[Material provided]
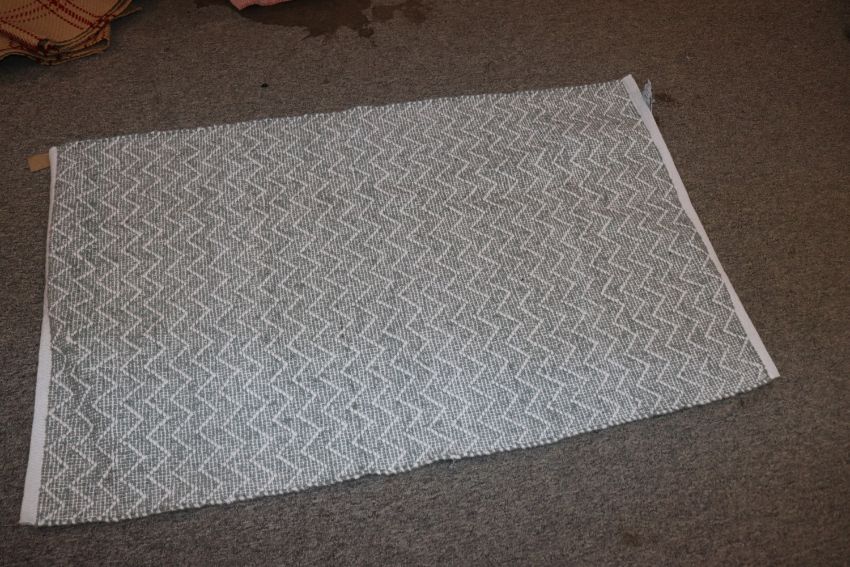 An approx. 4'11" x 3' Chenille dove grey Weaver Green rug
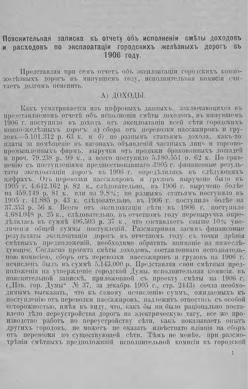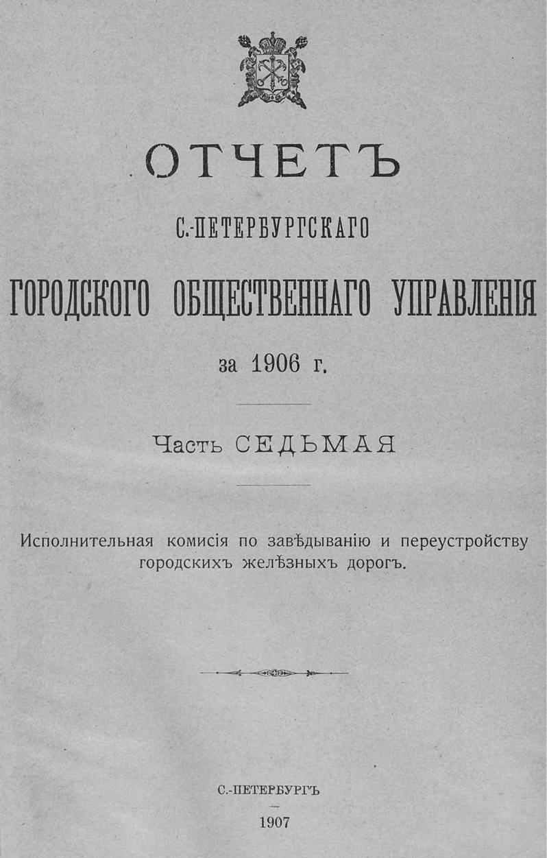 Отчет городской управы за 1906 г. Ч. 7 : Исполнительная комиссия по заведыванию и переустройству городских железных дорог
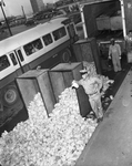 Chicken Fricassee - Robert Norris of Comanche, Farmers Produce Company truck driver, ran into a foul bit of luck in Fort Worth Saturday when his load of thousands of chickens slid from truck on the incline of Jennings at Lancaster and littered the street with fryers. None ran away, however - the fowls were frozen.
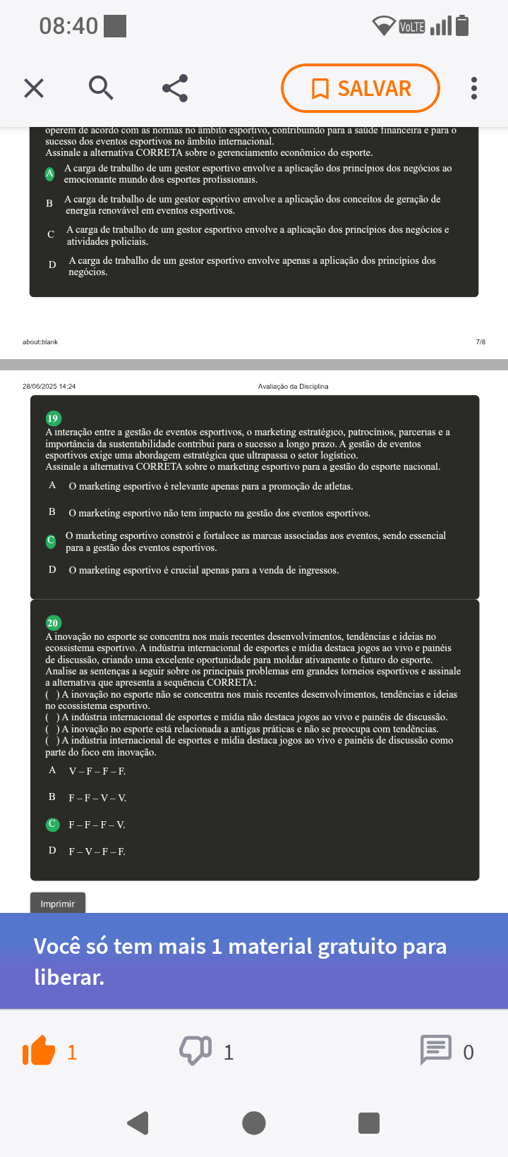 08:40 X SALVAR operem de acordo com as normas no ambito esportivo, contribuindo para a saude financeira e para sucesso dos eventos esportivos no âmbito internacional. Assinale a alternativa CORRETA sobre gerenciamento econômico do esporte. A carga de trabalho de um gestor esportivo envolve a aplicação dos princípios dos negócios ao emocionante mundo dos esportes profissionais. B A carga de trabalho de um gestor esportivo envolve a aplicação dos conceitos de geração de energia renovável em eventos esportivos. C A carga de trabalho de um gestor esportivo envolve a aplicação dos princípios dos negócios e atividades policiais. D A carga de trabalho de um gestor esportivo envolve apenas a aplicação dos dos negócios. about:blank 7/8 28/06/2025 14:24 Avaliação da Disciplina 19 A interação entre a gestão de eventos esportivos, 0 marketing estratégico, patrocínios, parcerias e a importância da sustentabilidade contribui para 0 sucesso a longo prazo. A gestão de eventos esportivos exige uma abordagem estratégica que ultrapassa setor logistico. Assinale a alternativa CORRETA sobre 0 marketing esportivo para a gestão do esporte nacional. A marketing esportivo é relevante apenas para a promoção de atletas. B marketing esportivo não tem impacto na gestão dos eventos esportivos. marketing esportivo e fortalece as marcas associadas aos eventos, sendo essencial para a gestão dos eventos esportivos. D marketing esportivo é crucial apenas para a venda de ingressos. 20 A inovação no esporte se concentra nos mais recentes desenvolvimentos, tendências e ideias no ecossistema esportivo. A indústria internacional de esportes e mídia destaca jogos ao vivo e painéis de discussão, criando uma excelente oportunidade para moldar ativamente futuro do esporte. Analise as sentenças a seguir sobre os principais problemas em grandes torneios esportivos e assinale a alternativa que apresenta a sequência CORRETA: A inovação no esporte não se concentra nos mais recentes desenvolvimentos, tendências e ideias no ecossistema esportivo. A indústria internacional de esportes e mídia não destaca jogos ao vivo e painéis de discussão. inovação no esporte está relacionada a antigas práticas e não se preocupa com tendências. ( )A indústria internacional de esportes e mídia destaca jogos ao vivo e painéis de discussão como parte do foco em inovação. A B F-F-V-V. F-F-F-V. D F-V-F-F. Imprimir Você só tem mais 1 material gratuito para liberar. 1 1 0

[Requirement]
The listing is to be repeated exactly, with its pictures removed.

[Solution to the problem]
 An approx. 4'11" x 3' Chenille dove grey Weaver Green rug
 Отчет городской управы за 1906 г. Ч. 7 : Исполнительная комиссия по заведыванию и переустройству городских железных дорог
 Chicken Fricassee - Robert Norris of Comanche, Farmers Produce Company truck driver, ran into a foul bit of luck in Fort Worth Saturday when his load of thousands of chickens slid from truck on the incline of Jennings at Lancaster and littered the street with fryers. None ran away, however - the fowls were frozen.
 08:40 X SALVAR operem de acordo com as normas no ambito esportivo, contribuindo para a saude financeira e para sucesso dos eventos esportivos no âmbito internacional. Assinale a alternativa CORRETA sobre gerenciamento econômico do esporte. A carga de trabalho de um gestor esportivo envolve a aplicação dos princípios dos negócios ao emocionante mundo dos esportes profissionais. B A carga de trabalho de um gestor esportivo envolve a aplicação dos conceitos de geração de energia renovável em eventos esportivos. C A carga de trabalho de um gestor esportivo envolve a aplicação dos princípios dos negócios e atividades policiais. D A carga de trabalho de um gestor esportivo envolve apenas a aplicação dos dos negócios. about:blank 7/8 28/06/2025 14:24 Avaliação da Disciplina 19 A interação entre a gestão de eventos esportivos, 0 marketing estratégico, patrocínios, parcerias e a importância da sustentabilidade contribui para 0 sucesso a longo prazo. A gestão de eventos esportivos exige uma abordagem estratégica que ultrapassa setor logistico. Assinale a alternativa CORRETA sobre 0 marketing esportivo para a gestão do esporte nacional. A marketing esportivo é relevante apenas para a promoção de atletas. B marketing esportivo não tem impacto na gestão dos eventos esportivos. marketing esportivo e fortalece as marcas associadas aos eventos, sendo essencial para a gestão dos eventos esportivos. D marketing esportivo é crucial apenas para a venda de ingressos. 20 A inovação no esporte se concentra nos mais recentes desenvolvimentos, tendências e ideias no ecossistema esportivo. A indústria internacional de esportes e mídia destaca jogos ao vivo e painéis de discussão, criando uma excelente oportunidade para moldar ativamente futuro do esporte. Analise as sentenças a seguir sobre os principais problemas em grandes torneios esportivos e assinale a alternativa que apresenta a sequência CORRETA: A inovação no esporte não se concentra nos mais recentes desenvolvimentos, tendências e ideias no ecossistema esportivo. A indústria internacional de esportes e mídia não destaca jogos ao vivo e painéis de discussão. inovação no esporte está relacionada a antigas práticas e não se preocupa com tendências. ( )A indústria internacional de esportes e mídia destaca jogos ao vivo e painéis de discussão como parte do foco em inovação. A B F-F-V-V. F-F-F-V. D F-V-F-F. Imprimir Você só tem mais 1 material gratuito para liberar. 1 1 0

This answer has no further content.